In den letzten Monaten haben wir die Gewichtung von Hochzinsanleihen im Portfolio reduziert. Deshalb befinden sich nun mehr Anleihen mit geringerem Risiko und BBB-Rating im Bestand. Außerdem fallen viele der von unseren Analysten bevorzugten Ideen in die BBB-Kategorie. Viele Emittenten mit einem A-Rating, also höherer Bonität, haben oft einen größeren Spielraum für verstärkte Fremdfinanzierungs- oder M&A-Aktivitäten – Ratings sind daher nicht immer der beste Hinweis auf die künftige Kreditqualität.

Dem Factsheet zufolge halten Sie auch Short-Positionen. Warum?

Wir können in Bezug auf die Benchmark-Gewichtung von Unternehmensnamen short sein, würden aber keine Derivate einsetzen, um uns bei individuellen Titeln netto short zu positionieren. Außerdem nutzen wir oft Short-Positionen bei Zinsfutures, um die Gesamtduration des Portfolios und das Renditekurvenrisiko zu kontrollieren. Wir setzen auch Index-Hedges wie Itraxx ein, um das gesamte Kredit-Beta-Risiko zu kontrollieren. In solchen Instrumenten können wir Short-Positionen gegen zugrunde liegende Long-Positionen in Cash-Anleihen eingehen.

Welche Wertentwicklung können Anleger in den nächsten 3 bis 5 Jahren erwarten?

Der beste Frühindikator für den Ertrag sind die Renditen, insbesondere über längere Zeiträume wie 5 Jahre.
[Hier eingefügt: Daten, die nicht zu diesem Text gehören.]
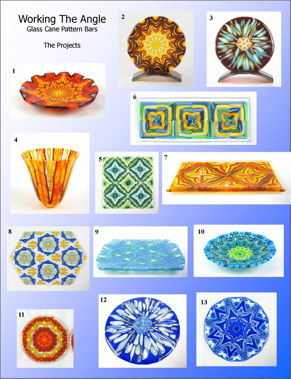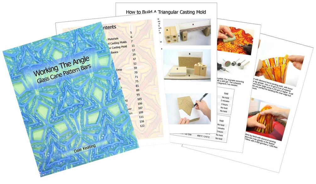 These books include step by step instructions for making 24 different glass cane pattern bar designs. Exploring Pattern focuses on specific stacking techniques in a standard rectangular form and Working The Angle offers instructions for creating medallions and repeating linked patterns using a triangular mold. Both have easy to follow instructions with loads of photos that every level of fuser can follow. A wet saw is required. If you don't have the means to make your own vitrigraph cane, kits can be purchased from www.etsy.com/shop/murriniman . Schedules for both Bullseye glass and System 96 glass are included with both Fahrenheit and Celsius. There are also tips and tricks for cutting on a wet saw and photos of the vitrigraph stacks, vitrigraph firing schedules, descriptions of the setup and techniques used for those who make their own cane.

Jährliche Renditen von 3-4 % sollten in Euro-Anleihen sehr gut erzielbar sein. Das wiederum sollte ein gutes Stück über der Inflationsrate liegen und zu realen Gewinnen führen.

Zur Person

Owen Murfin, CFA, ist Investment Officer und Portfoliomanager für institutionelle Festverzinsliche bei MFS Investment Management. Er ist Mitglied des MFS Global Fixed Income Portfolio Management Teams. In dieser Funktion nimmt er an Diskussionen über die Portfoliostrategie teil, passt die Portfolios an die Ziele und Richtlinien der Kunden an und kommuniziert die Anlagestrategie und Positionierung des Portfolios. Er ist in London ansässig. Bevor er 2017 zu MFS kam, war Owen 15 Jahre lang als Managing Director und Global Fixed Income Portfolio Manager bei BlackRock tätig. Davor arbeitete er fünf Jahre lang als Associate und Global Fixed Income Portfolio Manager bei Goldman Sachs Asset Management. Murfin schloss sein Studium am University College London mit einem Bachelor of Science ab. Er ist Inhaber des Titels Chartered Financial Analyst.